Data records:
*** Begin section ***
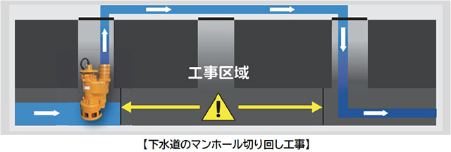 現在、国内インフラの老朽化にともない、下水道の更新工事や改修工事は年々増加しています。こうした工事では、施工区間に下水が流れ込まないようにする必要があり、下水を迂回させる「切り回し」作業が必要になります。汚水用の水中ポンプは機械の構造上、一般的な下水道のマンホール(開口部内径600mmの1号マンホール)に入らないものが多く、これまでは通過粒径が小さい汎用的な水中ポンプで代用していましたが、異物の多い下水では異物混入による詰まりがトラブルの大きな原因となっていました。
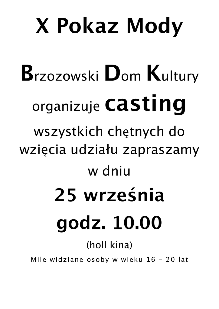 X Pokaz Mody Brzozowski Dom Kultury organizuje casting wszystkich chętnych do wzięcia udziału zapraszamy w dniu 25 września godz. 10.00 (holl kina) Mile widziane osoby w wieku 16 – 20 lat
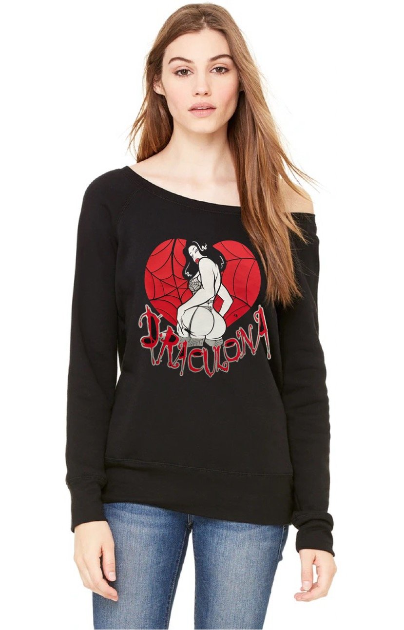 Draculona design by artist Miss Black Valkyrie on black off shoulder sweater.
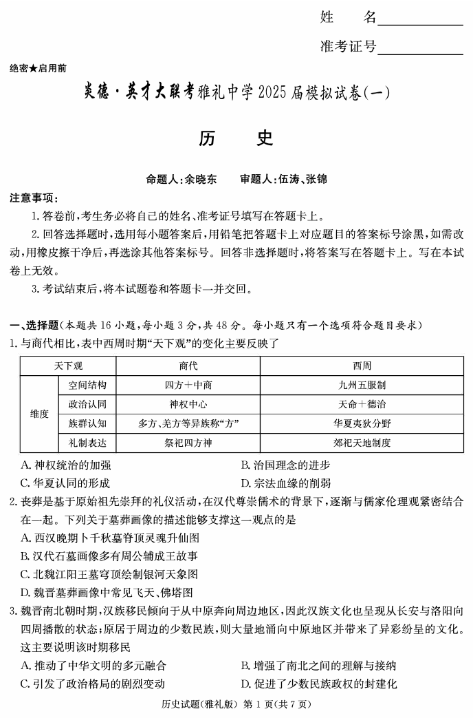 湖南省炎德·英才大联考雅礼中学 2025 届模拟试卷(一)历史
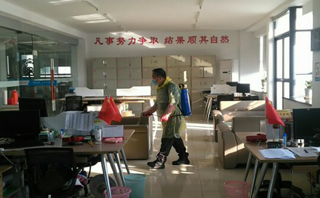 四是儲備物質,保障有力。一是完成疫情防控所需口罩、消毒液、額溫槍、消毒酒精、洗手液等14個品類物質的采購儲備,并在單位設立了“疫情防控物質專柜”;二是在2月9日安排專人對單位辦公、生活場所全面進行消毒噴灑;三是在適當位置設立了“隔離間”。
*** End section ***
Please copy the data above exactly; the pictures do not belong in the copy.

■ Answer box ■
 現在、国内インフラの老朽化にともない、下水道の更新工事や改修工事は年々増加しています。こうした工事では、施工区間に下水が流れ込まないようにする必要があり、下水を迂回させる「切り回し」作業が必要になります。汚水用の水中ポンプは機械の構造上、一般的な下水道のマンホール(開口部内径600mmの1号マンホール)に入らないものが多く、これまでは通過粒径が小さい汎用的な水中ポンプで代用していましたが、異物の多い下水では異物混入による詰まりがトラブルの大きな原因となっていました。
 X Pokaz Mody Brzozowski Dom Kultury organizuje casting wszystkich chętnych do wzięcia udziału zapraszamy w dniu 25 września godz. 10.00 (holl kina) Mile widziane osoby w wieku 16 – 20 lat
 Draculona design by artist Miss Black Valkyrie on black off shoulder sweater.
 湖南省炎德·英才大联考雅礼中学 2025 届模拟试卷(一)历史
 四是儲備物質,保障有力。一是完成疫情防控所需口罩、消毒液、額溫槍、消毒酒精、洗手液等14個品類物質的采購儲備,并在單位設立了“疫情防控物質專柜”;二是在2月9日安排專人對單位辦公、生活場所全面進行消毒噴灑;三是在適當位置設立了“隔離間”。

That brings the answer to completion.